If you’re a pantser, you’re in great company.

LISTEN TO YOUR INTUITION

Do pantsers struggle when they take on the monstrous task of writing 80,000 to 100,000 words (or even more) without an outline? Without a plan? Actually, no, they’re probably enjoying the journey because they’ve learned how to conquer the challenges of pantsing.

Making False Starts

Elmore Leonard once told readers at a bookstore that after drafting one hundred pages or so, he would revisit what he’d written and sometimes decide that a minor character was more interesting than he had imagined and should be the protagonist.

I started one of my novels three times with a male protagonist in the lead, and the story just petered out. After setting it on a back shelf for a while, I realized that the story actually belonged to a different character, a woman. When I switched to her point of view, it took off. The false starts were more like trial runs that eventually led to the best path forward.

Self-Editing

As you might guess, organic writers put a lot of stuff on the page during the process of discovery that might not belong in the story. The pantser’s first draft requires plenty of editing and rewriting.

Here’s a word of advice from Steven James, author of Story Trumps Structure, that I follow in my editing and writing: “If it’s in the story, it must matter. If it doesn’t matter, delete it.” (Steven shares more advice in his essay “Letting Go of the Reins” in Part V.)

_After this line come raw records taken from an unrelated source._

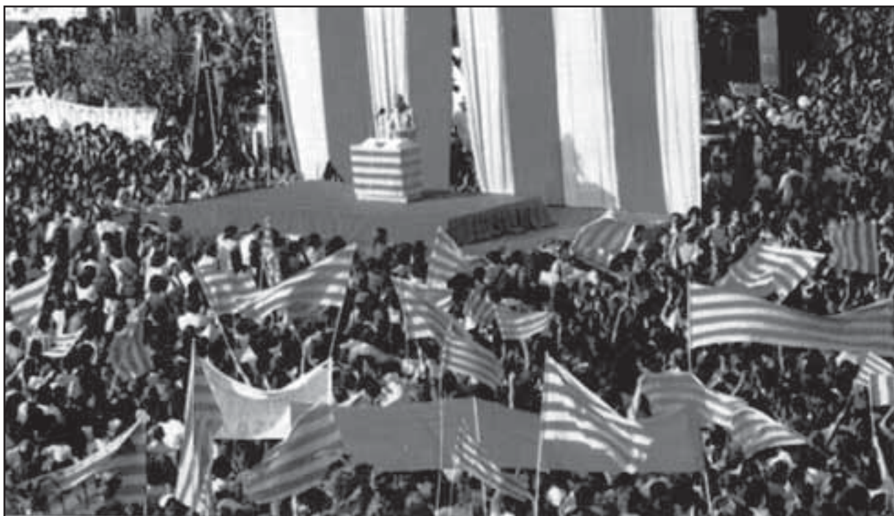
11 setembre 1976. Plaça Catalunya de Sant Boi de Llobregat, assisteixen unes 100.000 persones.

La revista número 0 del novembre de 2005, la revista portaveu de l’Associació per a la Memòria Històrica i Democràtica del Baix Llobregat, ha encapçalat la portada amb un títol que parla per si sol, “Memòria antifranquista del Baix Llobregat” i una foto de la gran manifestació-concentració a la plaça de Catalunya de Sant Boi l’any 1976. La gran diada de l’Onze de Setembre on el poble català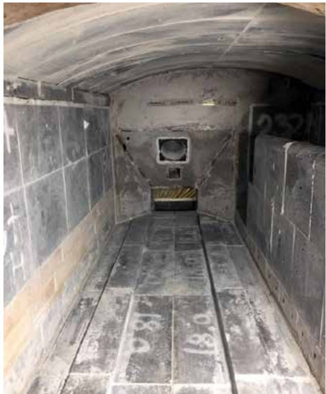
Ovnen er muret op på ny.

I efteråret 2019 har vi været igennem en ommuring af vores krematorieovn i Svendborg Krematorie. Her fortæles kort om forløbet.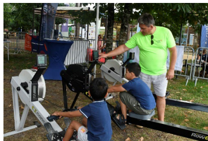
Aire de Romorantin/A85

Wise words for any writer, whether pantser or plotter. But sometimes the difficulty is in seeing what actually matters. Many writers get their keyboards slapped for all the backstory they include in the openings of their novels. They argue that “the reader needs to know that.” Not necessarily so. The way to judge what matters is to see how it affects the story. If taking it out doesn’t change the story, well, your keyboard has a handy delete key, right?

Getting Stuck

Organic writers sometimes follow a story’s trail into a blind alley. Or perhaps it’s not actually blind—it’s that the writer just can’t see what happens next. In my writing, I’ve learned to relax and just step away for hours or days—whatever it takes—and let my “back burner” discover what the story’s future holds.

But if your back burner seems truly stymied, James offers two questions you can ask of your story that I’ve found very useful in my own pantsing:

  1. What can go wrong?
  2. How can things get worse?

When a story confronts a character with the answers to those questions, she reacts and does things that lead to more things going wrong and getting worse. Since those events stem from the character, they are natural, organic evolutions of the story.

Keeping Details Straight

Organic writers, hounding after the scent of a character, may become so wrapped up in the hunt that they lose track of what other characters are doing. That might not matter so much in a first-person narrative, but losing track of characters can have an impact in a third-person story with more than one point-of-view character.

So keep a record of what’s happened so far, to whom it happened, and where it happened in the story timeline. I’ve found it helpful to create a table in Word or Excel with column headings such as Chapter, POV Character, Action, and Other Characters. After you write a chapter, record who, what, when, and where. The POV Character column will clue you if you’ve neglected a character for too long. The Action column will be a handy reference for what motivates action in the future—and for where you need to go back and change things in order to set up an unexpected twist later in the story.

DO WHAT WORKS FOR YOU

There is no right way to write a novel. A writer who outlines the plot of his narrative first may actually be the envy of a pantser who knows she faces a serious editing task because of the potential side trips that might pop up during her wander. As a pantser, I hope that plotters also feel a sense of discovery when they build the storyline.

When I read a novel, I can’t usually tell if the author was a plotter or a pantser, and, frankly, I don’t give a damn. Just give me a good read!